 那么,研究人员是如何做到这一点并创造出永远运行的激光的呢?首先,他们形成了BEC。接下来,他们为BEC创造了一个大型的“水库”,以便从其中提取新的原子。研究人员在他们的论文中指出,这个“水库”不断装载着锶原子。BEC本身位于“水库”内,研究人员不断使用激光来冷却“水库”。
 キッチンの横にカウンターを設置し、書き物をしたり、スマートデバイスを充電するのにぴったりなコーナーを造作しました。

...

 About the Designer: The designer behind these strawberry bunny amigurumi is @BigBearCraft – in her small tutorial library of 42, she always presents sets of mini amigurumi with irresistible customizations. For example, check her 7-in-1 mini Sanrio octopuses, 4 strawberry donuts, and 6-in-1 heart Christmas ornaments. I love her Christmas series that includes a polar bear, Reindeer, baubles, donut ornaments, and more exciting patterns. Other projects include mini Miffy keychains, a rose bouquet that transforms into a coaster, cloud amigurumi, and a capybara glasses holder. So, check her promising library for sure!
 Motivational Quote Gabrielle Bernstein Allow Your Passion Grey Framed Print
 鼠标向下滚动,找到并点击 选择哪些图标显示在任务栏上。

--

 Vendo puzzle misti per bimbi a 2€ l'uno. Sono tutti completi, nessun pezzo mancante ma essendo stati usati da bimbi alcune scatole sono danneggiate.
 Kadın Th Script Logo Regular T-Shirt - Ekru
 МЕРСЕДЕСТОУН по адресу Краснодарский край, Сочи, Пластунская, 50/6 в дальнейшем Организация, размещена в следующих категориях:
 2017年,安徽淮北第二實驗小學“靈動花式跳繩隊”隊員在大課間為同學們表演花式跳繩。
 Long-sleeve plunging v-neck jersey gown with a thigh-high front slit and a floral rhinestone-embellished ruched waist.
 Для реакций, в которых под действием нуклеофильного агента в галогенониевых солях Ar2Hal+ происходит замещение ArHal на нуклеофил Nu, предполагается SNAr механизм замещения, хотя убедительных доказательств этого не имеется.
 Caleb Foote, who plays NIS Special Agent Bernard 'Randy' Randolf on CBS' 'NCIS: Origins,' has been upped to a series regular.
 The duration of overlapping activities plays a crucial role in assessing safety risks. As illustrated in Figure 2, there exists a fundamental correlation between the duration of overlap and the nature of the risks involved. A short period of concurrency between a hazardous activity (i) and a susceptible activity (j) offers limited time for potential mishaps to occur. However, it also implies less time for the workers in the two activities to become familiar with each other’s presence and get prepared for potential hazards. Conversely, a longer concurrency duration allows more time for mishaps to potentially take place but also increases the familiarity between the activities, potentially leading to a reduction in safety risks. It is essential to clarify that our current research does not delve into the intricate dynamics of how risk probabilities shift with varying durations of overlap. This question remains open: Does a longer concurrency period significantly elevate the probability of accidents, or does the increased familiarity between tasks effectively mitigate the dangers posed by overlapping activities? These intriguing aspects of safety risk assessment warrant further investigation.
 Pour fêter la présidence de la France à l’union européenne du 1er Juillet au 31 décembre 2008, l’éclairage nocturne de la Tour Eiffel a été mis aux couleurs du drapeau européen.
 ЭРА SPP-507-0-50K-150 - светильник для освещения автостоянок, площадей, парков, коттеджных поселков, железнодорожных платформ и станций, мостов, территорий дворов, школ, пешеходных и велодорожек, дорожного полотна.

Exercise goal: Number of lines holding "series" in the listing above: work it out and give that number alone.

Result of the task: 2